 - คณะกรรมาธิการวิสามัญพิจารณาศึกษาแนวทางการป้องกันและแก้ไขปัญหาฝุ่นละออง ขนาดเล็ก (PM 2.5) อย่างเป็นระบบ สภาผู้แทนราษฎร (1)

-- -- --

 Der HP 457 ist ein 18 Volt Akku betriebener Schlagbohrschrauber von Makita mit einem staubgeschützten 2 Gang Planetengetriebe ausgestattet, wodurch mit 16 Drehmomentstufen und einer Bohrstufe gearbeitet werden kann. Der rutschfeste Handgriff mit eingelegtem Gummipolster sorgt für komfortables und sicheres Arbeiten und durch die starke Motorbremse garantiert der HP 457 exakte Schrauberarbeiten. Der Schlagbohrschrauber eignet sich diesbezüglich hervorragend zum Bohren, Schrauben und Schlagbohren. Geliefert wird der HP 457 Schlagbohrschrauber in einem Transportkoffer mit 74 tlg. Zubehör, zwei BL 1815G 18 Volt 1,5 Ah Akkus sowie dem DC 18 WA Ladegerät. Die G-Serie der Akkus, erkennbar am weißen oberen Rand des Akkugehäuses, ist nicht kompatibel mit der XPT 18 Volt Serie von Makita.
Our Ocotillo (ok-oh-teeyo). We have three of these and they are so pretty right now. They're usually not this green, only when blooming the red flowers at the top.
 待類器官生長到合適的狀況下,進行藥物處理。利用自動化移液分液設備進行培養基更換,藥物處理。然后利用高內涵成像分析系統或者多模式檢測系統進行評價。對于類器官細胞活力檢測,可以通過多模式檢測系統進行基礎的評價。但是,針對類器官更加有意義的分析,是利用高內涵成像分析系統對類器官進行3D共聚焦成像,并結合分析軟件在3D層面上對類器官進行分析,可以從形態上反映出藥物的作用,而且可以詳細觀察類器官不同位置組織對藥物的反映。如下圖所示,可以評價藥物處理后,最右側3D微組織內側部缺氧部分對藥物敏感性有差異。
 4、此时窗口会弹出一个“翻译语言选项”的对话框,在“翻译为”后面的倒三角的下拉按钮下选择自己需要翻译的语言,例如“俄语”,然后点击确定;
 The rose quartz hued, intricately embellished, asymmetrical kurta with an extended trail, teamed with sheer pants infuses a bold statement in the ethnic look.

-- -- --

• _PROBLEM_
What you give back must be the stretch above, starting at the line with "Our Ocotillo (ok-oh-teeyo)." and ending at the line with "The rose quartz", copied exactly.

• _SOLUTION FOR THIS EXERCISE_
Our Ocotillo (ok-oh-teeyo). We have three of these and they are so pretty right now. They're usually not this green, only when blooming the red flowers at the top.
 待類器官生長到合適的狀況下,進行藥物處理。利用自動化移液分液設備進行培養基更換,藥物處理。然后利用高內涵成像分析系統或者多模式檢測系統進行評價。對于類器官細胞活力檢測,可以通過多模式檢測系統進行基礎的評價。但是,針對類器官更加有意義的分析,是利用高內涵成像分析系統對類器官進行3D共聚焦成像,并結合分析軟件在3D層面上對類器官進行分析,可以從形態上反映出藥物的作用,而且可以詳細觀察類器官不同位置組織對藥物的反映。如下圖所示,可以評價藥物處理后,最右側3D微組織內側部缺氧部分對藥物敏感性有差異。
 4、此时窗口会弹出一个“翻译语言选项”的对话框,在“翻译为”后面的倒三角的下拉按钮下选择自己需要翻译的语言,例如“俄语”,然后点击确定;
 The rose quartz hued, intricately embellished, asymmetrical kurta with an extended trail, teamed with sheer pants infuses a bold statement in the ethnic look.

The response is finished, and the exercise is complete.